Старуха почувствовала знакомый ей подъем духа; откуда-то нахлынули дальние воспоминания; перед мысленным взором поплыли образы и мысли, сами собой слагавшиеся в размеренные слова и просившиеся с языка долой.

Прасковья откашлялась и слабым, мелодичным голосом начала причитывать:

«В одно времечко лежу в сарае я; носит ластушка своим детушкам кушать; рты-то у них все большие, желтые, раскрытые. Потом это долго я не случалась там. Детки выперелись, окрылились и разлетелись в разны стороны. Ложусь я на сарае в воскресный дом и слышу, как поет эта ластушка, со слезами горькими скликает своих детушек. И говорю я ей: «Ты, касатая ты ластушка, не собрать тебе милых детушек, ты поила и кормила их, ты и думала, что будут век увиваться они вкруг тебя. Ты ошиблась, моя ластушка, разлетелись твои детушки по разным сторонушкам. Ты послухай, касатая ластушка, што скажу я, сиротинушка: также я горька сиротушка, я взрастила милых детушек, я носила их по чистым полям, по тяжелым по работушкам, я хранила моих детушек я от ветров я от буйных, от дождей-то я от частыих одевала, укрывала их. Ведь я думала-надеялась, как подыму я милых детушек, мне настанет переменушка. Как возмужали мои детушки, как собрались с умом с разумом, пососкопились с могучой силой, разошлися и разъехались по чужим-дальним сторонушкам. Они кинули меня и бросили на одно во чада милого, на одно во на горького сиротушку. У меня-то, у старо й, могуча сила убавилась, то не стало хода скорого во моих-то быстрых ноженьках, а не стало-то спорынечки во моих-то во белых руках, што не стало прежней крепости во моих-то могучuх плечах, што не стало свету белого во ясных очах.

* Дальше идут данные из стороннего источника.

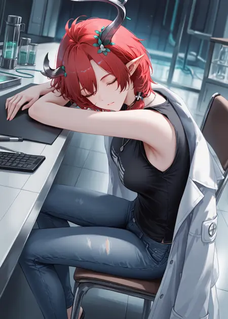 (free outfit): ILciaccona, tacet mark at shoulder, asymmetrical horns, red hair, short hair, pointy ears, hair ornament, green eyes, grey horn, mole under eye

Пристегла меня старость глубокая, и худо стало мое здоровьице. И теперь прошу я, сиротинушка, свою скорую смерёдушку. Верно, заблудилась она, голубушка, во темных лесах, позапала снежком белым в оврагах глыбокиих. Верно, ждать мне, сиротинушке, весны красные, как пойдут-то дожди частые, как омоют снежки белые, как пригреет красно солнышко, как обсохнет трава шелковая. Она выйдет, она выпутается из лесов она из темныих, из травушек шелковыих, из оврагов из глыбокиих. Она выйдет на широку путь-дороженьку, подойдет к нам под окошечко, постучится и позовет меня. Я раскрою ей настежь воротушки, поклонюся ей до мать-сырой земли, поцелую ейну рученьку и скажу так, моей смерёдушке: «Гостья жданная, жаланная, прошу пожаловать. Мне наскучило тут, наприскучило. Износилось мое тело белое, уходились резвы ноженьки, умахались сильны рученьки и пропало все мое здоровьице. Ты возьми скорей отсюда мою душеньку, отнеси к родимой матушке да к моим умёршим детушкам…»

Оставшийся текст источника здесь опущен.